By performing the formulated propagation strategy over all the scored paths in P, scores for individual nodes in a graph are obtained, which has the potential to highlight portions of a graph with more granularity, thereby leading to improving the interpretability of a path scoring scheme. With the above score assignments, the graph depicted in FIG. 4 is visualized as a heatmap in FIG. 7.

iii. Example Process

FIG. 8 is a flow diagram that depicts an example process 800 for propagating path scores to individual nodes in a graph, in an embodiment. Process 800 may be implemented by a server computer that has access to graph data (that indicates a graph) and score data that indicates multiple paths scores, each path score corresponding to a path or subgraph in the graph. Some individual paths may be associated with multiple path scores.

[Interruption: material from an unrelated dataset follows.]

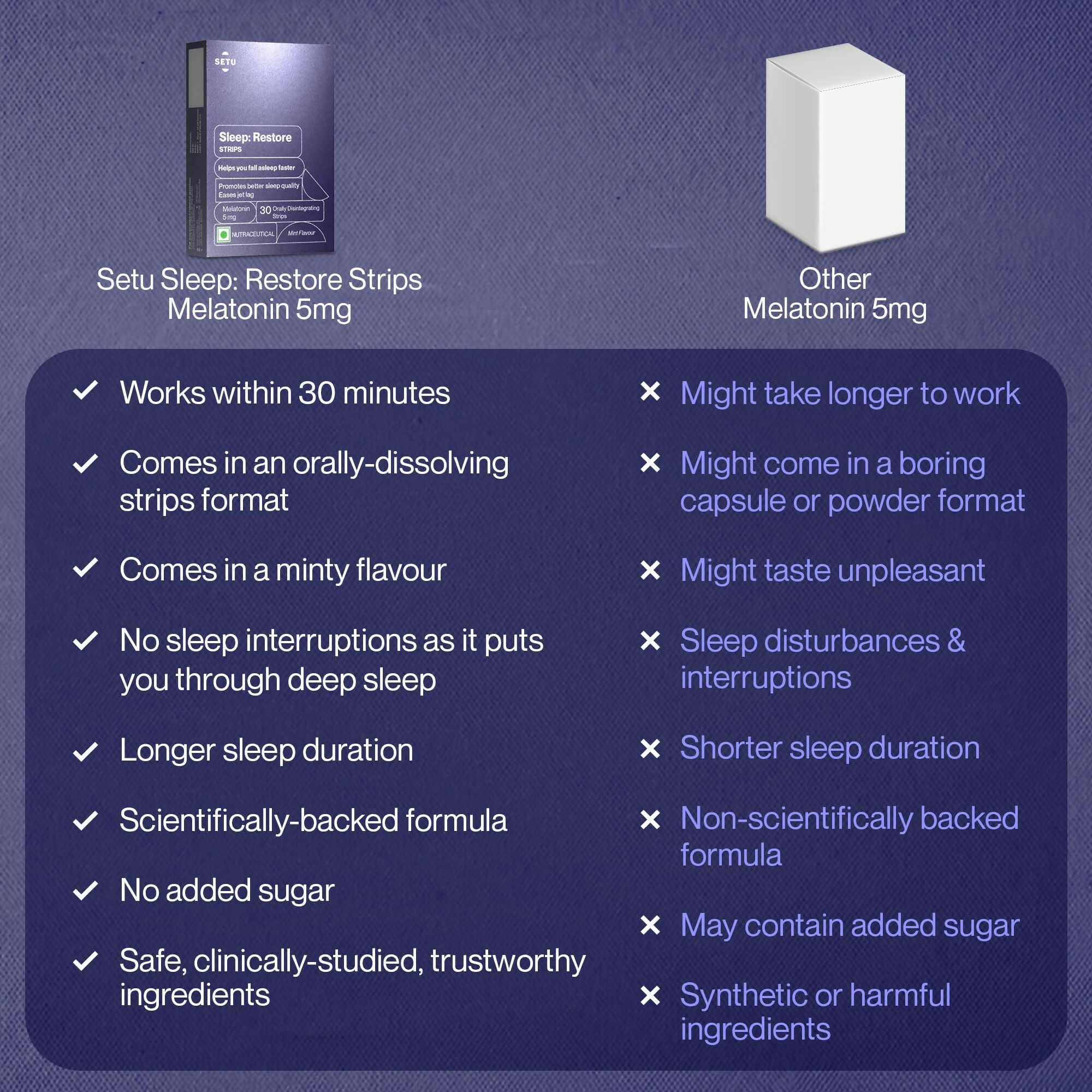 Setu Sleep Restore Plant Based Melatonin - Tasty Mint Flavor - 30 Strips

At block 805, multiple path scores are stored. The path scores may be stored in volatile storage media (e.g., RAM) or non-volatile storage media, such as disk storage or flash storage. Block 805 may be preceded by a path score generation process that involves a path score generator that generates path scores for paths or subgraphs in a graph. An example of a graph is a social network in a workplace, an example of a path is a set of users that comprise a team in the workplace, and an example of a path score is a number of widgets produced by that team.

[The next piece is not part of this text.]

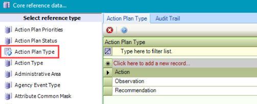 Use this reference data to define types of action plans (for example: Action, Observation and Recommendation).

At block 810, a path score of the multiple path scores is selected. Block 810 may be a random selection of a selection based on one or more selection criteria, such as selecting the score with the oldest timestamp, selecting the highest score in the set of path scores.

At block 815, a path that is associated with the selected path score is identified. Each path score may be associated with a path identifier that uniquely identifies a path within a particular graph (or within all graphs). Thus, block 815 may involve reading a path identifier in metadata that is associated with the path score. The path identifier may point to or reference a row in a database table of paths, each row providing information about a path.

At block 820, multiple nodes of the path are identified. Block 820 may involve reading a node list from a row (associated with the path identifier) in a column of a database table.

At block 825, a node of the multiple nodes is selected. Block 825 may be a random selection or based on any preexisting order of the nodes.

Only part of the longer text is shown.